34: Compatibilidade

4.4K 483 283
                                    

"É como uma montanha-russa de sensações estar nessa situação. Ao mesmo tempo em que estamos assustados com toda essa situação e temendo pela saúde de Cícero, tem aquela coisa na boca do estômago... Aquela ansiedade e momento de epifania que crescem a cada dia que passa para nós finalmente o conhecermos. ── Felipe."

Existem momentos na vida que você nunca está preparado para viver, mas descobre que, mesmo sem estar preparado, você vai ter que enfrentar aquele momento. Não podemos fugir para sempre de certas coisas. Ainda mais quando certas coisas podem definir quem você poderia ser ou o que você pode ser.

Podemos, por algum tempo, tentar fugir, mas é difícil escapar dos próprios pensamentos que, dia após dia, te atormentam.

No meu caso, eu não tentava fugir da situação, mas sabia que não estava preparada ─ e talvez nunca estaria ─ para conhecer Cícero. Até alguns dias atrás, Cícero seria apenas um desconhecido, uma criança que eu posso ter visto em alguma praça ou parque; agora, Cícero era o nome do meu irmão, um irmão que nunca conheci e apenas fiquei sabendo da existência porque... Porque ele precisa de nós.

Cícero era apenas uma vítima nessa confusão toda que Guilherme sempre conseguia enfiar os filhos, de alguma maneira.

Ele não tinha culpa do pai não querer que ele soubesse que ele possuía quatro irmãos mais velhos que moravam na mesma cidade. Ele também não tinha culpa de ter Guilherme como pai. E, muito menos, tinha culpa de estar doente. Ele só era uma criança inocente que foi enfiada no meio desse furacão; do nosso furacão.

A prioridade era entender tudo que estava acontecendo com Cícero e tentar afastar Guilherme dos nossos pensamentos.
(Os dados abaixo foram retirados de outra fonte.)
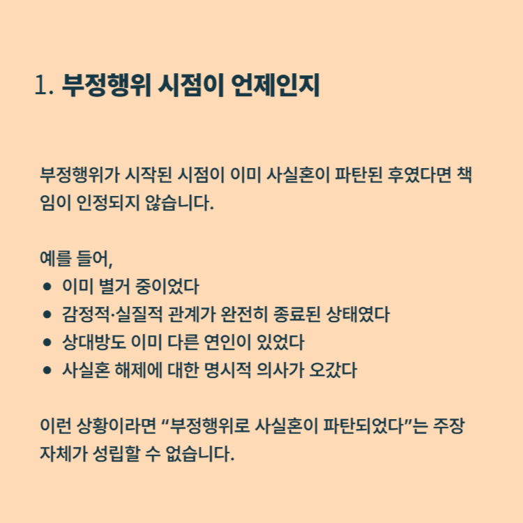 이런 상황이라면 “부정행위로 사실혼이 파탄되었다”는 주장 자체가 성립할 수 없습니다.
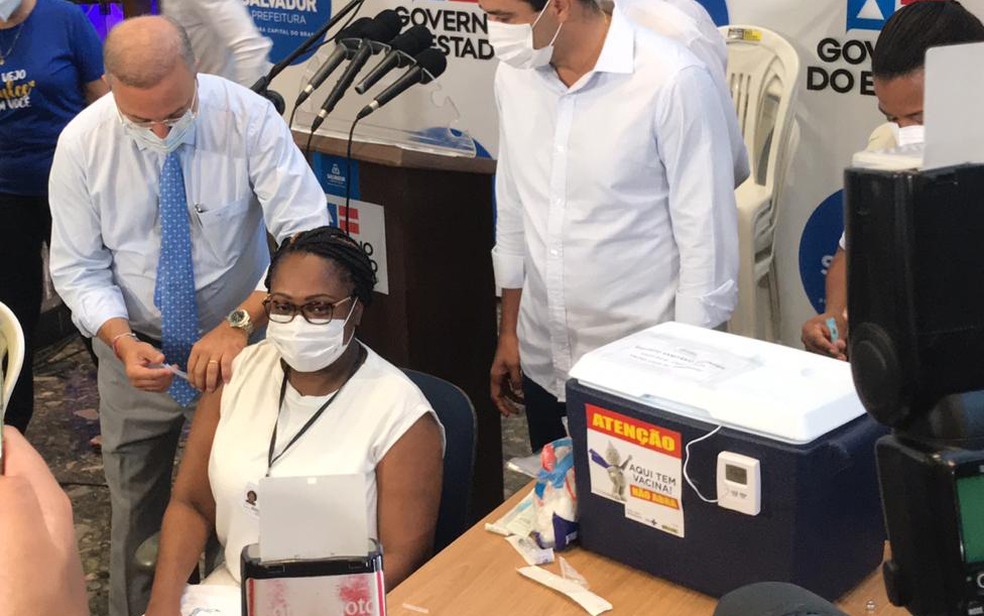A enfermeira Maria Angélica de Carvalho Sobrinho, de 53 anos, primeira pessoa vacinada contra a Covid-19 na Bahia, contraiu a doença antes de tomar a segunda dose do imunizante.
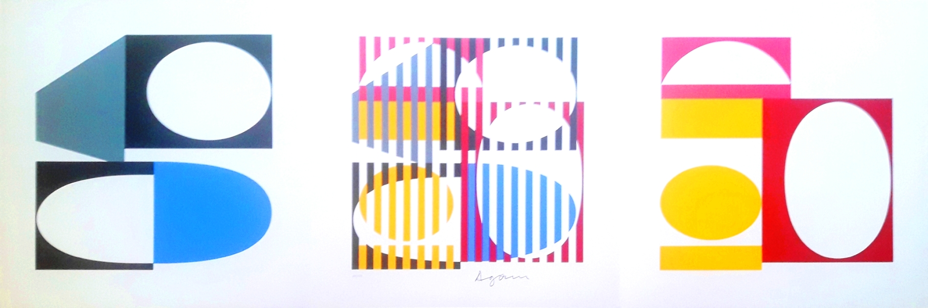 AGAM YAACOV Rishon LeZion 1928 “Senza titolo” serigrafia su cartone Fabriano cm 203x68. Firma e tiratura 46/125 a matita sul fronte in basso al centro. Facente parte della cartella “Exacta- dal costruttivismo all’arte sistematica 1918-1885” edita da Squatriti.
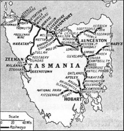 Launceston claims the honour of founding the State of Victoria. In 1834 two members of the Henty family left Launccston, then a village, crossed Bass Strait and occupied a portion of Portland Bay area with flocks of sheep. It was also from Launceston that John Batman sailed on May 12, 1835, for Victoria, and a month later steered a boat up the River Yarra and exclaimed, "This will be the place for a village" when he contemplated the site of Melbourne, Batman’s vessel was a thirty-ton schooner, "Rebecca." Batman was one of a syndicate of fifteen Launceston men who found the money to fit her out. The Fingal Line is a branch of forty-seven miles, leaving the main line at Conara Junction, running though fairly level country under the foothills of the Ben Lomond Range and following for a while the valley of the beautiful South Esk River. The line ends in a coal-mining area at St. Mary’s Station, from which a motor-car service connects with the North-Eastern Line at Herrick. The North Eastern Line extends eighty-five miles from Launceston, through forests and along hillsides to serve agricultural, dairying, timber, and mining areas. There is a large apple and pear orchard at Lilydale Station, and this and the Blidestowe Lavender Estate attract tourists. The line goes on through the town of Scottsdale and ends at Herrick. The Western Line runs from Launceston for 168 miles to Stanley, serving the principal agricultural area of Tasmania. It crosses a number of rivers and touches a score of towns, and reveals farming areas that are a delight to sightseers. Some of the towns passed in the first forty-five miles are particularly English in appearance, having rivers running through them, and streets planted with oaks and pines. A branch line runs off at Lemana to the Mole Creek Caves area, which is famous for its scenery. After crossing the River Mersey the line reaches the coast and runs within sight of the sea for about fifty miles, traversing an area of rich agricultural land between the mountains and the sea. Several short branch lines strike inland to serve farm, timber, and mineral areas. The Emu Bay Company’s Line runs from Burnie, on the north-west coast, southwards to Zeehan, for eighty-eight miles. From Zeehan a Government line of thirty miles links it with the port of Strahan, and bridges the gap between the Emu Bay Company’s Line and the Mount Lyell Line. From Burnie the railway climbs steadily, affording backward glimpses of the sea over a foreground of farms. Then the line plunges into the forests, and winds round mountain ranges crossing the Pieman River over a high bridge, the view of the Murchison Range from near Rosebery being especially fine. From Guildford Junction a branch line runs to the town of Waratah, the home of the Mount Bischoff Tin Mine. Another branch line runs off from Farrell to Tullah, a mining town in a picturesque setting among the mountains. Zeehan, the terminus, was once a rich silver-mining town, but its prosperity has declined. The Mount Lyell Mining Company’s Line, over twenty miles long, runs from the port of Strahan to Queenstown, where the mine known as Mount Lyell is situated. This mine produces copper, silver, and gold. The line is remarkable for the views its affords, as it follows the gorges of the Great King River, giving vistas of awesome canyons and magnificent forests of beech trees, with grass-trees, ferns, berries and wild flowers in profusion. Queenstown is hemmed in by mountains. Haulage lines in connection with the great mine run up the faces of mountains, giving wonderful panoramas. Although these private railways are little known, they are relatively of considerable importance. The Emu Bay Company’s Line, for instance, has 104 miles of track open, owning some dozen locomotives, and it is worth remembering that from such small lines the worlds railways grew up
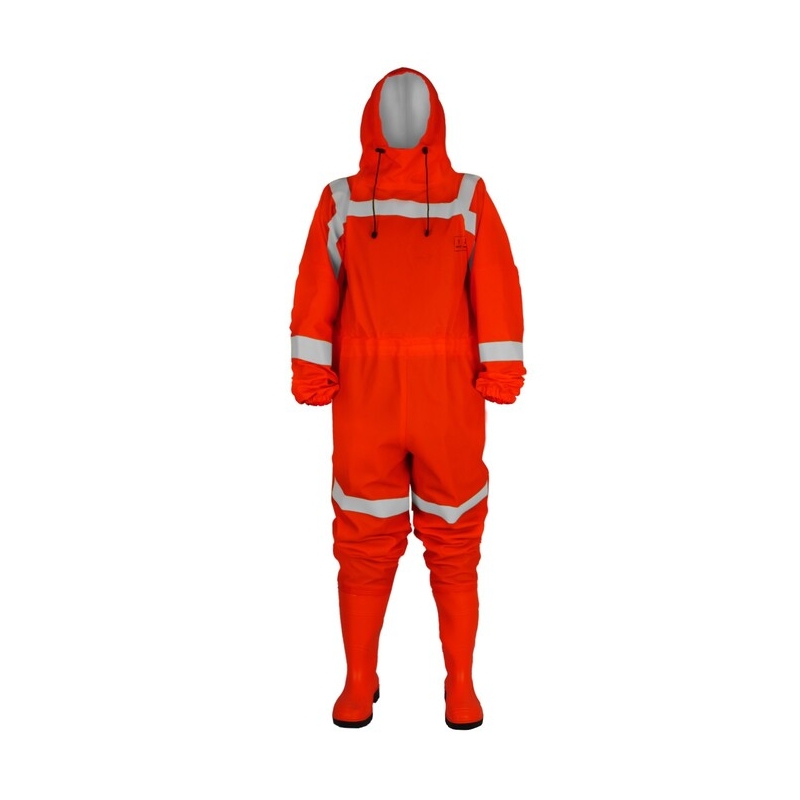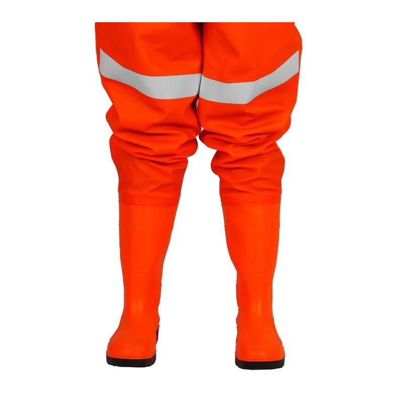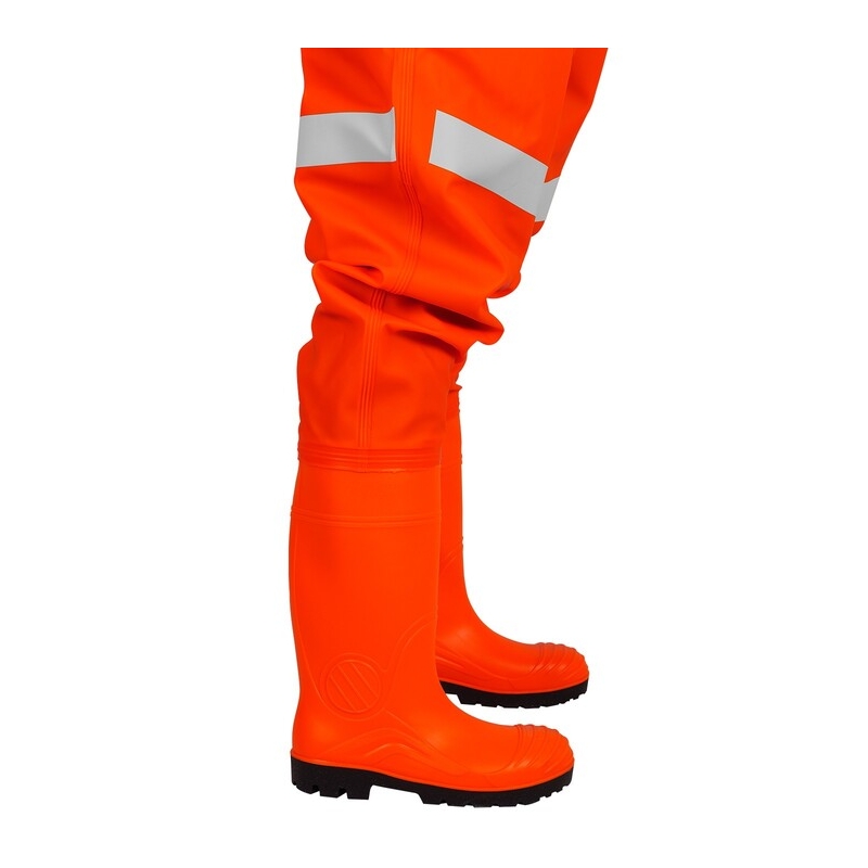 Fabricado con materiales recubiertos de PVC de la mejor calidad en dos espesores. La visibilidad y la seguridad del usuario se ven aumentadas por franjas de cinta de advertencia reflectante y fosforescente. Las botas de agua Safe S5 combinadas con la parte superior protegen adicionalmente los pies del usuario.

Minha mãe demorou algum tempo até que conseguiu contatar Guilherme. Eles tiveram dois encontros ─ dos quais não sei absolutamente nada ─ até que minha mãe fosse apresentada a Cícero e ao seu estado de saúde. Foi melhor dessa maneira, acredito. Ela ter sido a primeira de nós a ter conhecido e tido algum tipo de contato com ele, no caso. Ela era médica, uma profissional exímia... Ela com certeza iria ajudar em um primeiro momento melhor do que qualquer um de nós.

Guilherme marcou um último encontro com a minha mãe antes do momento acontecer.
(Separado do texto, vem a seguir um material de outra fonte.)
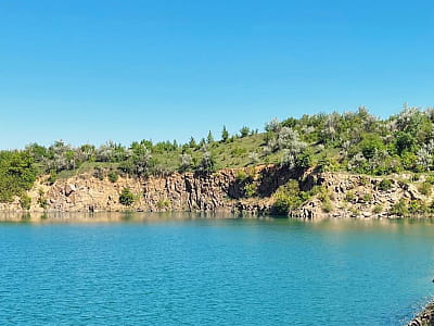 Огромная глубина водоема обеспечивает низкую температуру воды даже в жаркие дни, а яркий бирюзовый цвет формирует эффект живописного горного озера. Берега местами покрыты острыми камнями, что придает местности дикий, даже суровый вид. Из-за крутых спусков и перепадов глубины карьер считается опасным для детей.
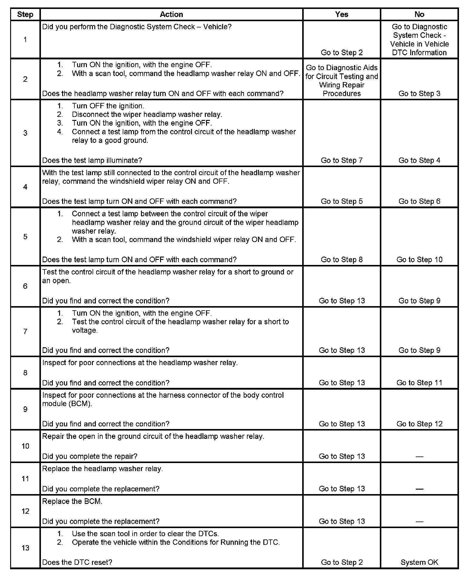 The BCM detects a short to ground in the headlamp washer relay control circuit when the output is active.
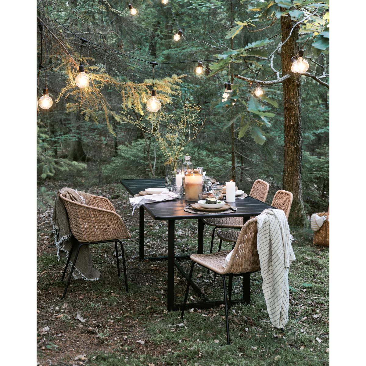 I love this black dining table for its minimalistic yet sturdy design, making it versatile enough to suit a range of interiors. It works particularly well in modern, industrial, or contemporary spaces, where its sleek black finish adds a sophisticated touch. Practical styling tips include pairing it with neutral or monochrome chairs to keep the look clean, or adding textured textiles like woven placemats and cushions to soften the overall feel. Its size is ideal for smaller to medium-sized dining areas, offering ample space without overwhelming the room. Keeping accessories simple will let the table’s design stand out and ensure maintaining a stylish, clutter-free setting.
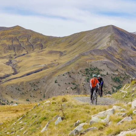 Piccoli e riservati passi "Gravel", come il Col du Parpaillon, lontani dal traffico dei loro grandi fratelli stradali, ci danno la deliziosa impressione di essere soli al mondo. Nel cuore delle cime pudiche dell'entroterra, alla svolta di una curva o di un passo, si svela infine la distesa azzurra del Mediterraneo. Calma, tranquillità, senza tempo. Come le montagne, che lasciamo con rammarico. Un viaggio maestoso, senza dubbio.
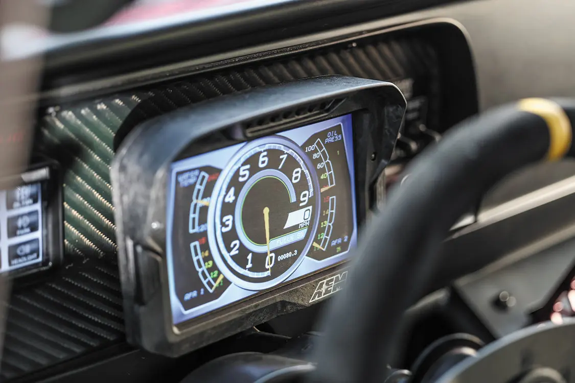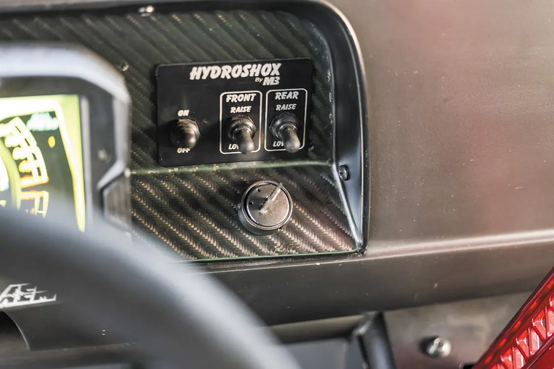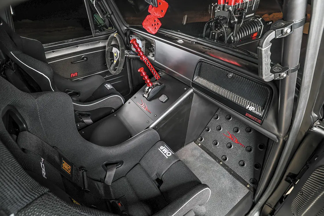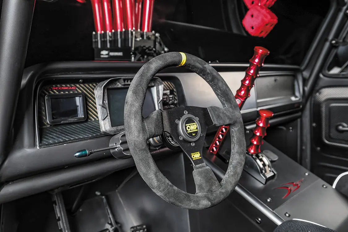 Inside the cab, you’ll notice the freshly built floor pan, as well as a transmission tunnel that was constructed to sit higher than usually in order to house the shifter at an ideal height. OMP Racing Seats and steering wheel were added to give the Slayer the comfort and performance that this style of truck demands. The factory dash has been kept to maintain a level of period correctness, while the digital AEM instrumentation and Scosche M8RX1 8-channel relay switch systems give the DeBerti boys state-of-the-art tech control over the truck’s ignition and other important functions.

E, desse terceiro e último encontro, nós sabemos o que aconteceu.

Guilherme pediu perdão para a minha mãe. Pediu perdão, na verdade, para todos nós.

Disse que sentia muito por ter sido daquela maneira com a gente, mas que voltar no tempo e consertar seus erros não era possível. E ele implorou para nós não virarmos as costas para Cícero por um erro que ele havia feito conosco no passado. Ele realmente acreditava que algum de nós fosse ser capaz de ser tão covarde e monstruoso como ele era.

Ele nos conhecia tão bem que realmente achou que poderíamos virar as costas para o nosso irmão em uma situação como essa. Talvez Guilherme achasse que, por nós termos um pouco dele, possamos ser da mesma maneira. O que Guilherme não sabe é que nós não somos eles. E nem nunca seremos.

Não ajudar Cícero nunca foi uma opção.

Desde o primeiro momento que descobrimos sobre ele e sobre tudo que ele estava passando, Cícero se tornou nosso assunto prioritário dentro de casa. Nenhum de nós pensou em virar as costas para ele.

Mal sabia Guilherme que conhecer Cícero e ajudar Cícero era tudo que nós queríamos.

Era o momento que nós mais aguardávamos nesse final de ano.

[...]

E então o momento chegou.

No meio de uma semana que havia sido recheada de altos e baixos, nervos a flor da pele e um pedido de namoro nenhum pouco esperado. No meio dessa confusão toda, Rafael encontrou uma maneira de me pedir em namoro, me preenchendo assim, de amor e alegria. Havia sido um dia maravilhoso, mas ele antecedia o dia em que conheceríamos Cícero. E eu estava nervosa ao mesmo tempo que estava feliz e emocionada e carregando mais uma pequena porção de emoções dentro de mim.